Это может служить доказательством удивительной памяти Гладстона. У этого человека были такие разносторонние интересы, как, может быть, ни у кого в Англии. Я никогда не забуду, с каким напряженным вниманием он слушал меня во время нашей первой встречи, когда я излагал свою точку зрения на экономическое развитие Америки: «Но почему же ни один писатель не возьмется за эту тему и не представит миру ясно и точно все эти факты?» — сказал Гладстон. В ответ я сообщил ему, что сам уже приступил к осуществлению этой задачи именно потому, что даже самые образованные иностранцы либо ничего не знают об Америке, либо имеют о ней искаженное представление. Действительно, еще начиная с 1882 года я стал готовить материалы для книги «Победоносная демократия».
Когда в Англии на повестку дня встал жгучий вопрос о гомруле, там начали чрезвычайно интересоваться нашей американской федеральной системой; и я выступал во многих городах с публичными лекциями о нашем союзе, предоставляющем отдельным штатам полное самоуправление и вместе с тем функционирующем как единое целое с сильным центральным управлением. Я написал Морли, что первый проект гомруля мне совершенно не нравится. Узнав об этом, Гладстон вступил со мной в подробное обсуждение этого вопроса. Я высказал ему свое отрицательное отношение к тому, что ирландских депутатов хотят исключить из парламента, и заметил, что мы в Америке никогда бы не допустили, чтобы южные штаты были лишены права посылать своих представителей в парламент.

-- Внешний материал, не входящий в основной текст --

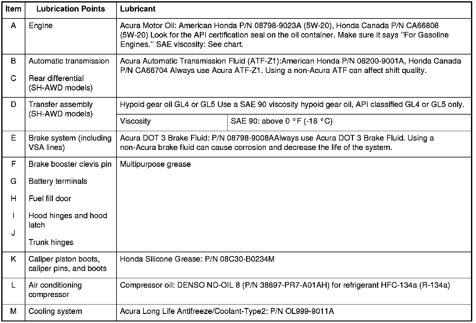 Home >> Acura >> 2009 >> TL FWD V6-3.5L >> Repair and Diagnosis >> Maintenance >> Fluids >> Specifications
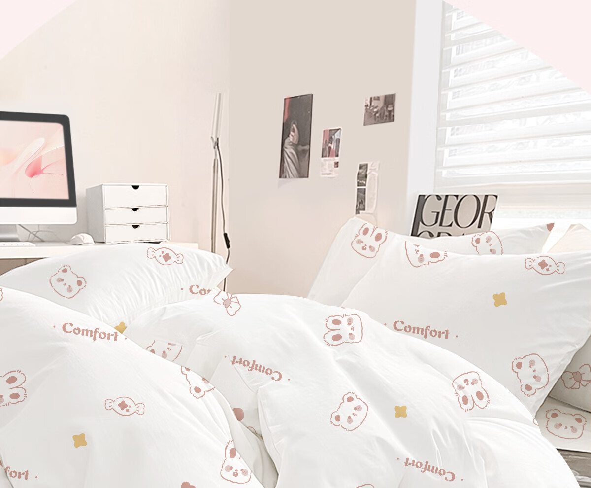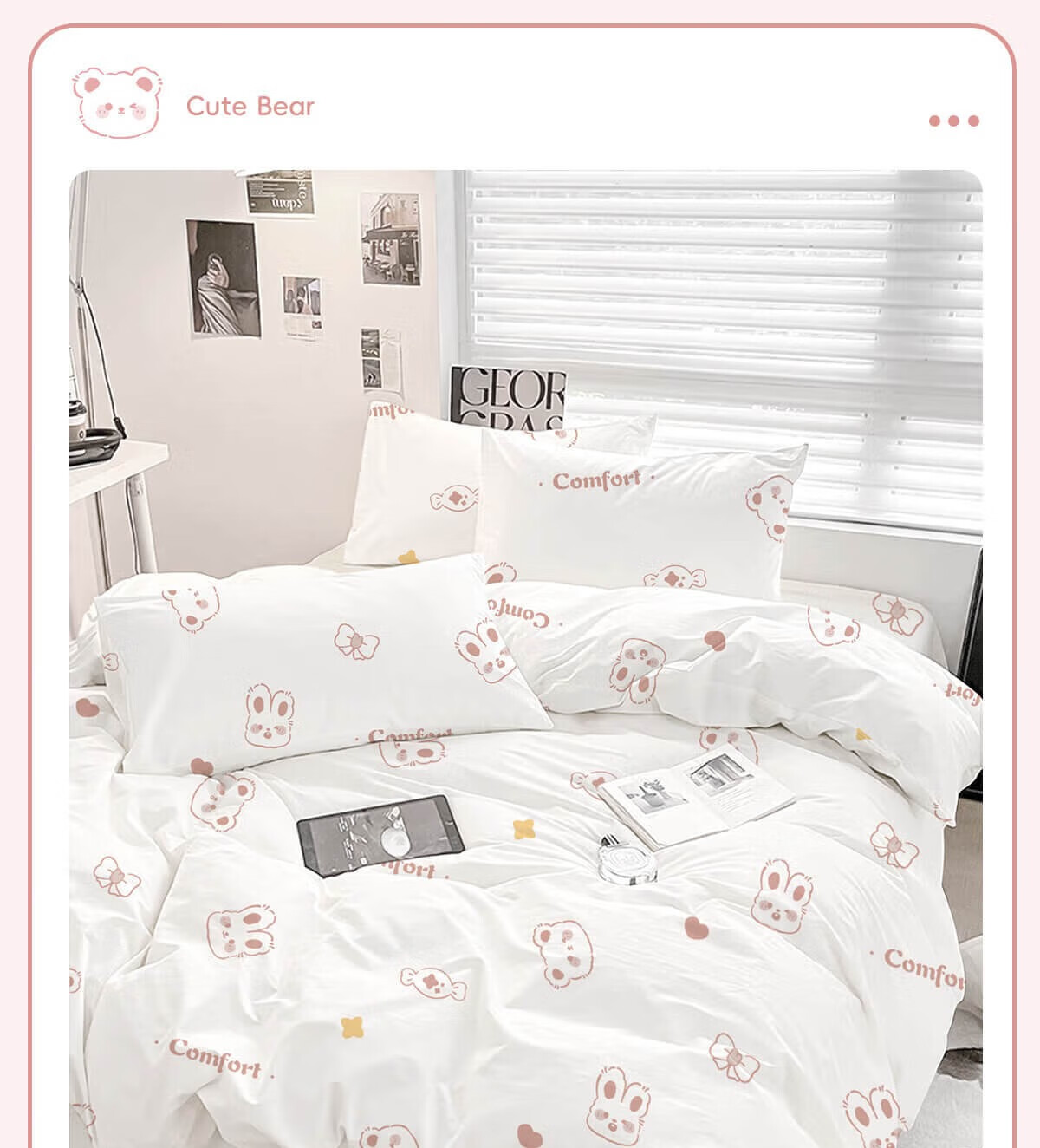 这款四件套看起来很可爱,而且价格很便宜,质量不错,带出去玩很方便,推荐购买
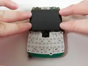Экран удерживается на плате двумя прочными клеевыми подушечками. Придётся приложить усилие. Не бойтесь повредить плату — экран отойдёт задолго до того, как плата сломается.

На его вопрос, как же, по-моему, следует поступить, я предложил, чтобы Англия последовала примеру Америки, имеющей много законодательных органов и только один Конгресс. Можно было бы превратить Ирландию, Шотландию и Уэльс в отдельные штаты с собственными законодательствами, подобно нашим Нью-Йорку и Вирджинии, и сохранить объединяющий их парламент. Так как в Англии нет нашего Верховного суда, парламент мог бы взять на себя функции высшей инстанции по ирландским делам. Это осуществлялось бы таким образом, что все акты ирландского законодательства должны были бы поступать в нижнюю палату и получать силу закона только по истечении трех месяцев, если до того времени на них не будет наложено вето. Это явилось бы гарантией в том случае, если данный законодательный акт встретит возражения, и превратилось бы в простую формальность, если возражений не будет. Впоследствии Морли рассказывал мне, что он сделал такое предложение Парнеллу, но тот отклонил его.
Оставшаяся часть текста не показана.